Is it safe to delete from an Array inside each? - arrays

Is it possible to safely delete elements from an Array while iterating over it via each? A first test looks promising:
a = (1..4).to_a
a.each { |i| a.delete(i) if i == 2 }
# => [1, 3, 4]
However, I could not find hard facts on:
Whether it is safe (by design)
Since which Ruby version it is safe
At some points in the past, it seems that it was not possible to do:
It's not working because Ruby exits the .each loop when attempting to delete something.
The documentation does not state anything about deletability during iteration.
I am not looking for reject or delete_if. I want to do things with the elements of an array, and sometimes also remove an element from the array (after I've done other things with said element).
Update 1: I was not very clear on my definition of "safe", what I meant was:
do not raise any exceptions
do not skip any element in the Array

You should not rely on unauthorized answers too much. The answer you cited is wrong, as is pointed out by Kevin's comment to it.
It is safe (from the beginning of Ruby) to delete elements from an Array while each in the sense that Ruby will not raise an error for doing that, and will give a decisive (i.e., not random) result.
However, you need to be careful because when you delete an element, the elements following it will be shifted, hence the element that was supposed to be iterated next would be moved to the position of the deleted element, which has been iterated over already, and will be skipped.

In order to answer your question, whether it is "safe" to do so, you will first have to define what you mean by "safe". Do you mean
it doesn't crash the runtime?
it doesn't raise an Exception?
it does raise an Exception?
it behaves deterministically?
it does what you expect it to do? (What do you expect it to do?)
Unfortunately, the Ruby Language Specification is not exactly helpful:
15.2.12.5.10 Array#each
each(&block)
Visibility: public
Behavior:
If block is given:
For each element of the receiver in the indexing order, call block with the element as the only argument.
Return the receiver.
This seems to imply that it is indeed completely safe in the sense of 1., 2., 4., and 5. above.
The documentation says:
each { |item| block } → ary
Calls the given block once for each element in self, passing that element as a parameter.
Again, this seems to imply the same thing as the spec.
Unfortunately, none of the currently existing Ruby implementations interpret the spec in this way.
What actually happens in MRI and YARV is the following: the mutation to the array, including any shifting of the elements and/or indices becomes visible immediately, including to the internal implementation of the iterator code which is based on array indices.

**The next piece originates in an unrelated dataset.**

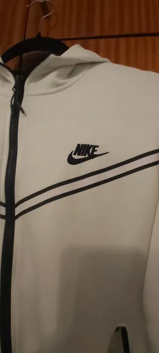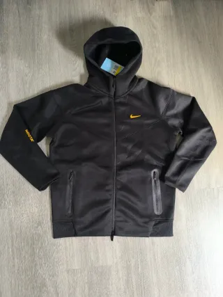 Sudadera nike tech con cremallera completa y capucha. - Diseño bicolor en negro y gris. - Bolsillos frontales con cremallera. - Logo de Nike bordado en el pecho. poco uso

So, if you delete an element at or before the position you are currently iterating, you will skip the next element, whereas if you delete an element after the position you are currently iterating, you will skip that element. For each_with_index, you will also observe that all elements after the deleted element have their indices shifted (or rather the other way around: the indices stay put, but the elements are shifted).
So, this behavior is "safe" in the sense of 1., 2., and 4.
The other Ruby implementations mostly copy this (undocumented) behavior, but being undocumented, you cannot rely on it, and in fact, I believe at least one did experiment briefly with raising some sort of ConcurrentModificationException instead.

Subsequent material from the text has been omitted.